[HN Gopher] DenseFormer: Enhancing Information Flow in Transformers
___________________________________________________________________
DenseFormer: Enhancing Information Flow in Transformers
Author : tipsytoad
Score : 41 points
Date : 2024-03-22 18:13 UTC (4 hours ago)
(HTM) web link (arxiv.org)
(TXT) w3m dump (arxiv.org)
| sp332 wrote:
| Even better is the result on page 7 that perplexity drops faster
| by wall-clock time. Even if you're getting fewer iterations per
| hour of rented GPU time, you're still coming out ahead in model
| performance.
| p1esk wrote:
| This method has only been tested on tiny models (<1B) and tiny
| dataset (17B tokens). It's not clear if it scales.
| ml_basics wrote:
| To be fair to the authors they are affiliated with a university
| and not a big industrial lab, so they may be working with
| significantly constrained resources.
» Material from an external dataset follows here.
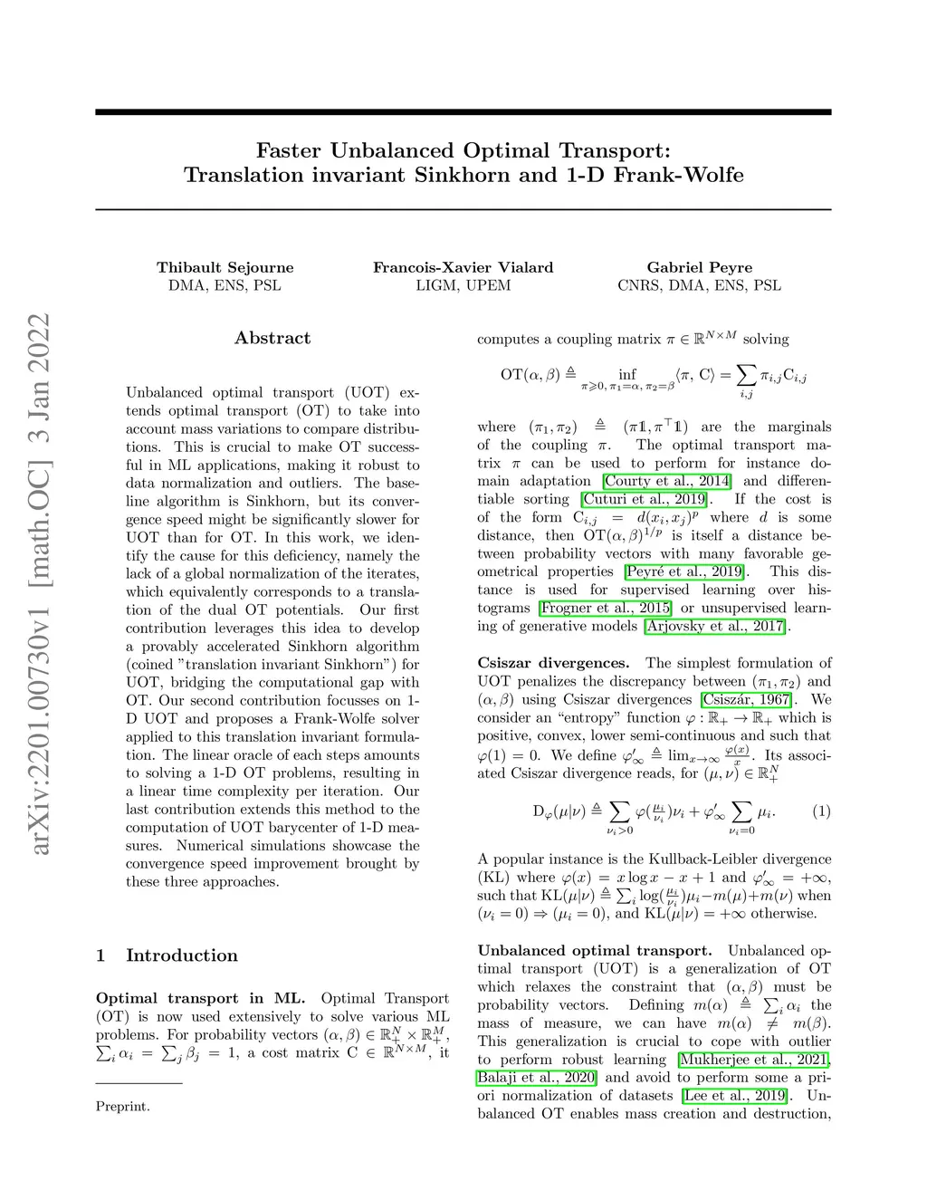 Unbalanced optimal transport (UOT) extends optimal transport (OT) to take into account mass variations to compare distributions. This is crucial to make OT successful in ML applications, making it robust to data normalization and outliers. The baseline algorithm is Sinkhorn, but its convergence speed might be significantly slower for UOT than for OT. In this work, we identify the cause for this deficiency, namely the lack of a global normalization of the iterates, which equivalently corresponds to a translation of the dual OT potentials. Our first contribution leverages this idea to develop a provably accelerated Sinkhorn algorithm (coined 'translation invariant Sinkhorn') for UOT, bridging the computational gap with OT. Our second contribution focusses on 1-D UOT and proposes a Frank-Wolfe solver applied to this translation invariant formulation. The linear oracle of each steps amounts to solving a 1-D OT problems, resulting in a linear time complexity per iteration. Our last contribution extends this method to the computation of UOT barycenter of 1-D measures. Numerical simulations showcase the convergence speed improvement brought by these three approaches.

Not sure exactly what the
| best solution is for this case given that it affects most
| people outside of a very select few.
| jal278 wrote:
| But it may scale -- that's science in progress
| ml_basics wrote:
| Cool paper. Really interesting to see how even quite
| straightforward architectural modifications haven't yet all been
| exhausted yet, despite all the resources being poured into LLMs
| samus wrote:
| The problem is that they have to be tested for 7B models at
| least to show promise for larger models. And that requires
| significant compute resources.
| tbalsam wrote:
| Due to some of my personal experiences over the years w/
| model development, I believe that this is more due to a
| failure of the current mainline version of Transformers (the
| ++ version I believe) not scaling properly, vs an indicator
| of scale.
|
| If that is the case, then it may well be possible to fix some
| of the scaling issues more apparent with smaller transformer
| models (maybe not, though). This is at least some of the
| reasoning that I've been applying when developing hlb-gpt,
| for example. It's partially also why I think changing how we
| use nonlinearities within the network might impact scaling,
| due to some of the activation spikes used in more linear
| regions of the network to control network behavior in a way
| not originally intended.
|
| Agreed that it does require a ton of resources though. But I
| do think that the problem can be solved on a smaller scale.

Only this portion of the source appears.